My three and a half year old neice is obsessed with the movie Cars. It is kind of cool that she is obsessed with this movie rather than say, a princess or barbie movie…The other day I was driving her (and her sister) in her mother’s car and she asked for “Real Gone” on the cd player (the Sheryl Crow song to which she knows all the words, such good taste she has….) and she said “play Life is a Highway next”. Alas, I could not find it on the mix cd of Disney hits, but I have not been able to get Life is a Highway out of my head.
Though the words of the song, except the chorus, escape me completely, it is the title that strikes me as so poignant at this time in my life. My life in the last ten years has taken me up and down many highways, perhaps more than the average quarterlifer+. I have traversed I-70 more times that I care to mention to and from Kansas City, Missouri for four and a half years in college, though I must say that taking 64 is much more beautiful through the horse fields of Kentucky. Taking these roads showed me non-black and white cows for the first time, it showed me more sky than I knew existed, it showed me a world of people who are committed to their faith and will not be told anything else. It showed me greatest friendships, simpler life, and frankly, a lot of beer. That road was the first development of my independence and the beginning of my faith walk.
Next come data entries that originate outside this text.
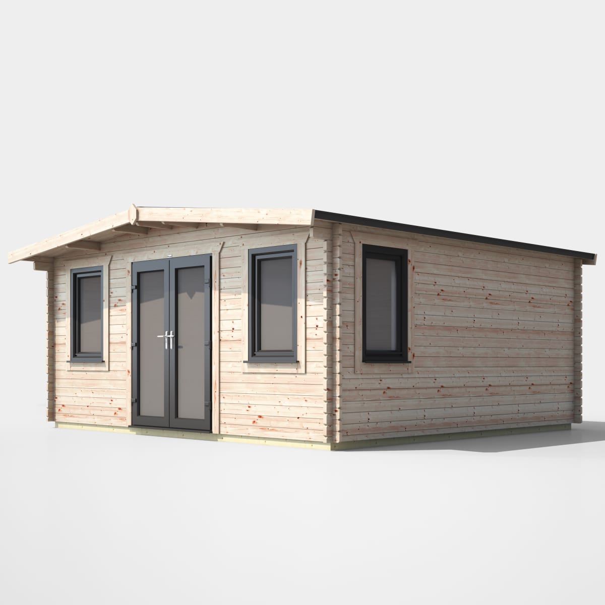 - Each log cabin uses uPVC Double Doors in Anthracite Grey and uPVC 'Tilt and Turn' Opening Windows. All glass is both toughened and double glazed.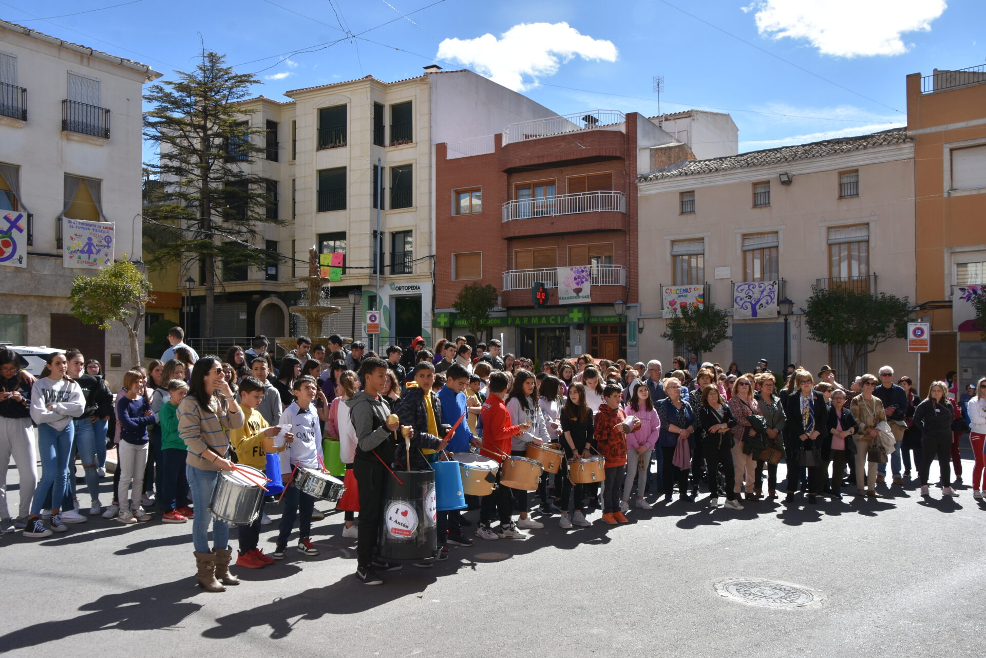 L’acte ha començat amb una sonora batucada que ha estat a càrrec de l’alumnat del CEIP San Antón.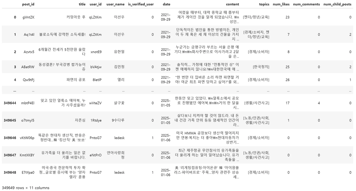 저희는 얼룩소의 서비스 종료 약 일주일 전, 41,769명의 전체 유저들의 2,631,062건의 활동 로그를 모두 수집하는데에 성공했습니다. 이는 서비스 종료 직전까지 각 유저들이 ①어떤 게시물을 작성했는지, ②어떤 게시물에 좋아요를 클릭하고 ③댓글을 남겼는지, 그 이력을 빠짐없이 담고 있었습니다.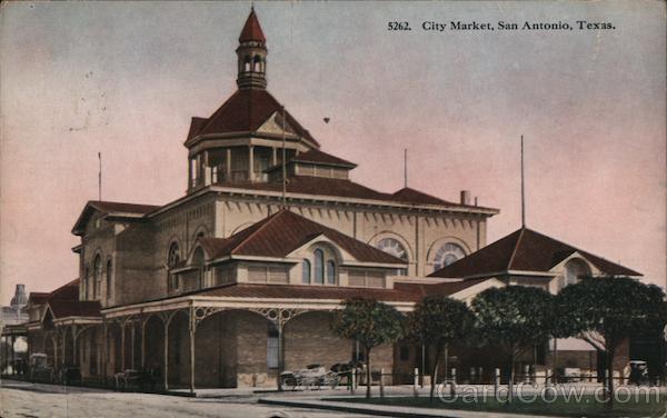 Front: 5262. City Market, San Antonio, Texas. PA Back: U.S.POSTAGE S PACE MESSAGE THIS FOR POSE CARD T T NTOA FEB 21 PM ADORESS ENT 1917 kand eanaabte R.KidBo EXAS CILIT-H balxtine had nartethA fit on swoulf havt sen a erzty'e stell Gngs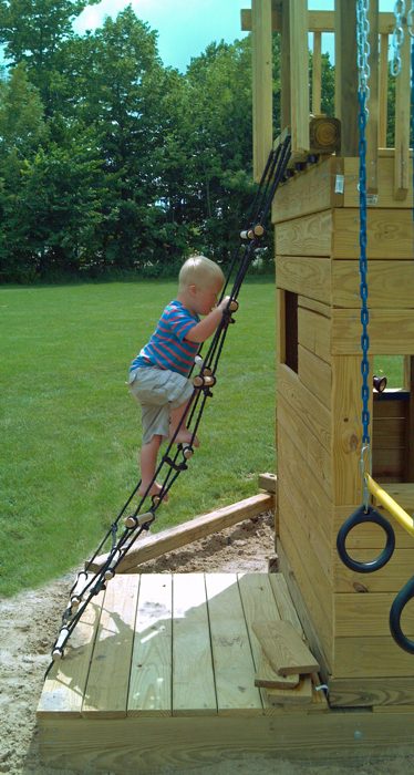 Rope, A-frame, extension, short, tall, wooden, aluminum, bolted in place, or movable, ladders are loose parts that’ll support a variety of play, exploration, experimentation, and personal challenges.

A quick detour up 71 took me to a teeny little town in Iowa. The loneliest (up to that point) I had ever felt. Living a life of absolute cookie cutter consistency. Wake Up, Eat, Drive, Work, Gym, Home. (church, choir Thursdays and Sundays, movies @ 2 on Sunday). I learned in this instance the beauty of being alone with God. This particular highway had me realize that I was not willing to settle in my life for what was easy or content. I’m so very glad to have taken an exit off this road quickly. Then just a quick trip down 71 and 29 I found my way back to a different kind of contentment. I learned of great teachers at during my exit in Kansas City. I also gained a true love of worship music, which I still love today. But perhaps, the greatest thing I gained on my last exit in the Midwest was my first steps of running. They were not fast, and they certainly were not consistent or enduring, but they were the earliest building blocks of my life changes ahead.
Then came the year on the road. 3000 miles across from Washington, DC to Los Angeles, California. I have written extensively about this in other places that have lost their way in the abyss of the internet, but to cap the highlights. The first exit off of “The 10” taught me about diversity, being awash in the culture of Los Angeles was more eye opening to me than I could have imagined. On this stop, I also became star-struck several times, spent a lot of time in traffic and semi-conquered a fear of heights by living on the 20th floor with a floor to ceiling window (have you seen Fight Club? My apartment was blown up…..).
The next exit on the year on the road was Austin. I learned to love to run in Austin. Truly loved to run (and scull, even if for only a short time). Running became my refuge in a place where I was demoralized on a regular basis. I learned that a truly that diversity can exist in the same sentence as educated, that martyrs are sometimes more appreciated that efficient, hard workers, and that seeing someone carry a hand gun in their briefcase is frightening.
The almost final exit on my tour of duty led me to a place I hope never to return in Ohio. If I felt demoralized in Texas, I didn’t know what would hit me until I came to Ohio. Again, running became my refuge. I came to the realization in this place that people can become content with mediocrity, that incompentence can be justified if it fits a racial quota, and that many who claim to be educators are merely bureaucrats in comfortable shoes. A redeeming value to this stop, my first marathon. Long, slow, painful. Joyous, proud, and bitten (by the bug to race long that is…)
As I have spoken of before, my next road in life’s journey led me back to California. IT was here that I realized that family had to be first, being in a classroom with children was more important to me that being a talking head, and that if you truly love something, you must set it free. I also learned that just because you live at the beach, doesn’t mean you go…..
My journey back across I-70 and home to my family has brought me so many rich blessings. Returning to the thros of education, both public and independent has made me realize that God has given me such a gift. I get to spend my working days with kids, the most amazing people on the planet. I have also come to realize that if I missed any more time from my neices’ childhood that I would come to regret the loss. Watching these two girls grow and change is incredible and I hope a good model for me when I decide to embrace motherhood. My running has changed since I have come home too. A different blessing in all of its own, new health, new friends, and a confidence that comes from knowing that I can achieve great things with hard work and the support of others.
My life could not have been as rich if I had not taken that highway ten years ago. The roads have been long, I’ve watched the seasons change in many states. I have seen the highest mountains, the hottest deserts, the great plains, and the deep blue sea. God’s creation is a marvel, God’s people are a gift, and God’s plan is not always straight and narrow. Life is a highway, I wanna ride it all night long.